Dele, é quase unanimidade que se salva a
caracterização pulsante e irrequieta da belíssima Margot Robbie como a
Arlequina, namorada do vilão Coringa e que incorpora praticamente uma versão
dele de saias.
Assim, a Warner Studios, disposta a afastar-se
dos elementos que deram errado e trilhar um caminho focado nos elementos que
deram certo, bancou este novo filme que agora coloca a Arlequina sob a mira de
todos os holofotes na esperança de que ela brilhe tanto quando o fez no filme
anterior –e, com isso carregue todo um filme nas costas.
Aproveitando esse ensejo, esta espécie de
‘derivado’ –pois é tão deliberadamente distanciado temática e narrativamente de
“Esquadrão Suicida” que sequer pode ser chamado de ‘continuação’ –começa,
portanto, com Arlequina já separada do Coringa. A explicação é fornecida num
prólogo animado que contorna muito bem as dúvidas e dilemas acerca de como
mostrá-lo (ou não mostrá-lo) no filme.
Irritada ao constatar o fato de que toda a fama
e bajulação que usufruía vinha de seu namoro com o vilão –e de que, sendo
assim, sua própria periculosidade, e seu próprio gênio criminoso nada contavam
–Arlequina resolve dar um basta e dedicar-se a uma espécie de emancipação.

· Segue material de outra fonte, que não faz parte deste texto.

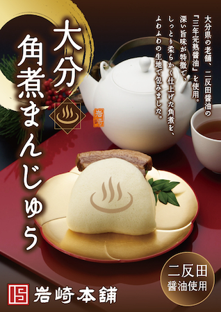 長崎名物「角煮まんじゅう」で知られる岩崎本舗と、大分県別府市のセレクトショップOnsen Dolce(おんせんドルチェ/コーヒー&ジェラート)は、大分県中津市の老舗二反田醤油の特製醤油を使用した「大分角煮まんじゅう」を共同で企画。岩崎食品が製造し、11月12日(水)よりOnsen Dolceにて先行販売を開始している。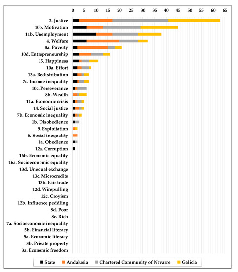 The Chartered Community of Navarre also includes 17 words, but it is the community where they are present most often (n = 88). Justice (24 = 27.27%), motivation (16 = 18.18%), and unemployment (11 = 12.50%) are the main words; of the rest, twelve are mentioned between 4 (4.55%) and 1 (1.14%) times.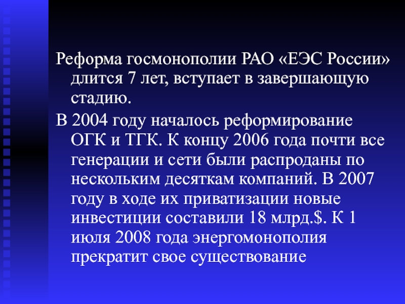 Слайд 27Реформа госмонополии РАО «ЕЭС России» длится 7 лет, вступает в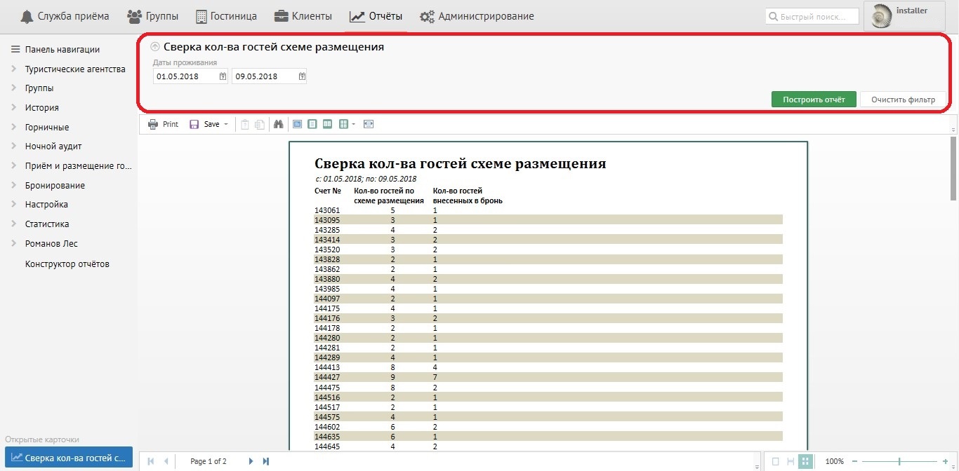 Сверка количества гостей схеме заселения - отчет, показывающий отношения количества гостей в схеме размещения в брони к количеству гостей, добавленных во вкладку "Гость", для занесения паспортных данных.

É quanto entram em cena as outras personagens
do filme e que, ao seu jeito, representam as peças do quebra-cabeça (ao lado de
sua irreprimível protagonista) daquilo que sua diretora deseja contar:
Conhecida por dirigir a pérola independente “Dead Pigs”, Cathy Chan assume as
rédeas da produção não apenas superando com larga margem o trabalho de
coordenar a ação, divertir com a história e entreter com o resultado final
entregue por David Yates em “Esquadrão Suicida”, como também realiza aqui, na
ênfase exultante de suas personagens e na elaboração moral e circunstancial de
suas trajetórias, o que pode ser entendido quase como um manifesto feminista.

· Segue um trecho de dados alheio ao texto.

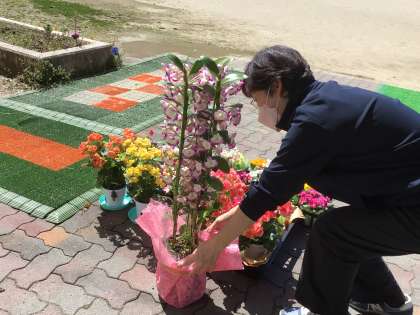 新年度に向けて、日直の教員を中心に花の手入れをしています。雨が続いていたので、久しぶりに太陽の下に出られた花たちも、とても嬉しそうに、より美しく咲いています。
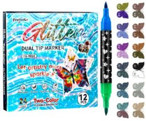 Набор маркеров глиттер 12 шт 24 цв 1-5мм DP-211 двусторонние кисть черный корп в к/к 2118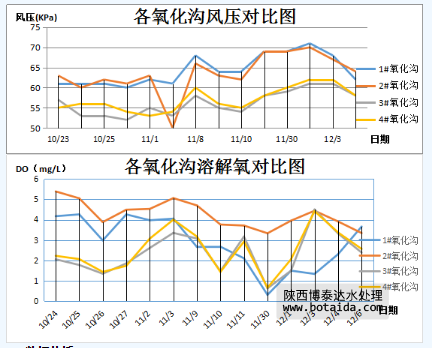 旋流曝氣器會卷吸起底部的泥水混合物,旋流曝氣器會將藏在底部污泥中的部分有機物進一步消化分解,故在運行初期,旋流曝氣器產(chǎn)生的一部分溶解氧用來消解底部的污泥。故在運行初期,安裝旋流曝氣器的3#、4#氧化溝溶解氧不高。隨著旋流曝氣器的穩(wěn)定運行,池底堆積的污泥進一步消解,氧化溝中額溶解氧進一步上升。博泰達預測,在未來數(shù)月內(nèi),3#、4#氧化溝內(nèi)的溶解氧會繼續(xù)上升,直至底部污泥消解殆盡。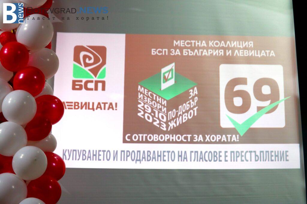 След него председателят на Общински съвет на БСП Ботевград, Николина Цолова, заяви, че кандидатите на местна коалиция „БСП за България и Левицата“ са един екип от хора професионалисти в своята област – инженери, лекари, икономисти, учители и един студент – най-младият в листата – Георги Данов. „Нашата листа за общински съветници е един екип от млади и по-опитни хора, всички до един обаче тръгват в предизборната битка с чисти намерения и с желание заедно с избирателите да напипат пулса на истинските решения на проблемите, а те както знаете се решават чрез непрекъснати срещи с хората не само по време на избори. Гласувайки ни доверие вярвам, че ние ще оправдаем вашите очаквания, като направим така, че проблемите в населените места да са по-малко, а резултатите да са видими. Затова гласувайте с разум за бюлетина номер 69“, призова партийният лидер.

Temos, então, a Canário Negro (Jurnee
Smollett-Bell, ótima) que trabalha resignada como cantora de boate e motorista
de um chefão do crime tentando inibir, na maioria das vezes, sua compaixão e
solidariedade pelos indefesos. Há também Renee Motoya (a veterana Rosie Perez),
a policial inteligente e perspicaz cujas inteligência e perspicácia, dentro da
polícia de Gothan City, só serviram para beneficiar mais os homens que
parasitaram seu trabalho do que ela própria; a misteriosa Caçadora (a
sensacional Mary Elizabeth Winstead) que, por razões a serem esclarecidas mais
tarde (num esperto jogo de informações executado pelo roteiro) está fazendo uma
verdadeira chacina em membros bastante específicos da máfia de Gothan; e, por
fim, a garotinha Cassandra Cain (Ella Jay Basco), adolescente de mãos ligeiras
e ladra de carteiras que, ao afanar o item errado, coloca em seu encalço toda
sorte de gansgters de Gothan –além de Arlequina e toda essa trupe mencionada
acima!
O roteiro de “Aves de Rapina” é
extraordinariamente travesso e inconformista: Refletindo a personalidade
instável e alegremente esquizofrênica da Arlequina (que narra o próprio filme e
quebra seguidamente a quarta parede a exemplo de “Deadpool”), as situações,
construídas com inspiração por si só, se seguem num rompimento constante da
linearidade como se fossem lembranças que se atropelam fora de ordem, numa
narração que as embaralha para dar um aroma de reviravolta à algumas
revelações.
Nele, nenhum personagem masculino chega ao
final isento de falhas de caráter e de causar, de alguma maneira, mal às
protagonistas.
O resultado é um filme ebuliente e colorido,
assumidamente ‘girl-power’ e ocasionalmente maniqueísta, estrelado por uma
personagem tão carismática e arrebatadora quanto a atriz que a interpreta, e
que, junto com “Mulher Maravilha”, “Aquaman” e “Shazam!” restabelece muito da
promessa de qualidade no que podem ser feito dos personagens da DC Comics daqui
para frente.
O único problema é que, tão
focado em sua própria estrela ele é (e Margot Robbie está realmente brilhante!)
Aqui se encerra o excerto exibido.